A la lumière de ses bienfaits aussi bien sur la planète que sur les habitants, la préservation des zones humides s'avère essentielle et urgente. Selon les spécialistes, depuis le début du siècle dernier, plus de la moitié des superficies des zones humides ont atteint le stade ultime de la dégradation, soit la disparition, alors que plusieurs menaces planent sur l’autre moitié. L’Alliance marocaine pour le climat et le développement durable (AMCCD), une plateforme créée en 2015 et regroupant plus de 500 ONG et réseaux d’ONG marocaines œuvrant dans les domaines de développement durable et de changement climatique, fait état de plusieurs occurrences provoquant le dépérissement des zones humides dont le surpâturage, la surexploitation des ressources naturelles et le pompage excessif de l’eau pour les besoins agricoles. A cela s’ajoutent la pollution par le rejet de déchets solides et liquides ainsi que les extensions urbaines et le développement des complexes touristiques démesurés.
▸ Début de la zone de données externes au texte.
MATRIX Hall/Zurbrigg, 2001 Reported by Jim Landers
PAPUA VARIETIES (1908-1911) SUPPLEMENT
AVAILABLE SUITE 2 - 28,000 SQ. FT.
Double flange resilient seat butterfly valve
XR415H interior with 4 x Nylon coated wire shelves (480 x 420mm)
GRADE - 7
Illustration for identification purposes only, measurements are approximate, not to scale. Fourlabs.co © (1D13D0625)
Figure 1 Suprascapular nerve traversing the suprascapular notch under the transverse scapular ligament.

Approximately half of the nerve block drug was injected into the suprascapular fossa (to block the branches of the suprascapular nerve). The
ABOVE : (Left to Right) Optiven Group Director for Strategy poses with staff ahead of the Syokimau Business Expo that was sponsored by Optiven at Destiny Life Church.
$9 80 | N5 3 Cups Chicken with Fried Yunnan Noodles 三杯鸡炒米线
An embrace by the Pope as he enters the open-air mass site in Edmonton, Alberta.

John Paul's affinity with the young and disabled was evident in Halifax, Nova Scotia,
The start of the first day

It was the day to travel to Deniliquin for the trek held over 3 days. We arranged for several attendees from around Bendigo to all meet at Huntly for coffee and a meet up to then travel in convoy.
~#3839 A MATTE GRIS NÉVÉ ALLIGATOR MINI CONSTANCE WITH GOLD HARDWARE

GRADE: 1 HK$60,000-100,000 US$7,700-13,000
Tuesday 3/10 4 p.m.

Des complexes accompagnés d’infrastructures routières et ferroviaires hautement nocives pour les zones humides à l’instar du drainage et de la conversion en terres agricoles.
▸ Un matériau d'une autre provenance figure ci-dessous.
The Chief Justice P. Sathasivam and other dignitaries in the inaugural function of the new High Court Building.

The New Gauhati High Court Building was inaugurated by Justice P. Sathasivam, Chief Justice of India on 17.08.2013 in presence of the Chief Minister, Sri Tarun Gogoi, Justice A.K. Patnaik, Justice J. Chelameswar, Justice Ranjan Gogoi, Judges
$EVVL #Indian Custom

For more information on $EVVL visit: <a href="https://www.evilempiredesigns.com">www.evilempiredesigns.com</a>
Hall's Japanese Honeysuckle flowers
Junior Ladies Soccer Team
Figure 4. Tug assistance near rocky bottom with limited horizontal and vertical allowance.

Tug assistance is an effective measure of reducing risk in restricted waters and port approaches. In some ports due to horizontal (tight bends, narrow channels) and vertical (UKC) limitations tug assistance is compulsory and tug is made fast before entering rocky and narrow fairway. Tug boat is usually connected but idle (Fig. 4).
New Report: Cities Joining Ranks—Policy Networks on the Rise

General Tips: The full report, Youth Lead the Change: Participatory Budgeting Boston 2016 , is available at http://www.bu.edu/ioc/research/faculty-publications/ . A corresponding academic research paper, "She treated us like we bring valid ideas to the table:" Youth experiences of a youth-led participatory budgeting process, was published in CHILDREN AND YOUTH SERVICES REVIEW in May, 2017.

La déperdition accélérée des zones humides n’est pas une fatalité en soi. Heureusement, il existe des moyens de contrarier ce fléau. Des moyens dont le moteur n’est autre qu’une volonté globale. Ils passent tout d’abord par la mise en place et l’actualisation des plans d’aménagement et de gestion de plusieurs zones humides prioritaires, dont le développement de 4 chaînes de valeurs durables développées au niveau des zones humides : birdwatching, pêche artisanale et aquaculture intégrée, comme révélé par le HCEFLCD. Ensuite, et c’est sans aucun doute le volet le plus important, il s’agit d’effectuer un travail de sensibilisation en profondeur avec pour objectif de pousser les citoyens à s’impliquer dans la préservation des zones humides à travers l’appropriation intellectuelle. Un vaste programme qui demande des efforts considérables et une attention particulière. Mais un jour ou l'autre, les humains devaient rendre à la nature tout ce qu’elle leur accorde. Ce jour est peut-être arrivé.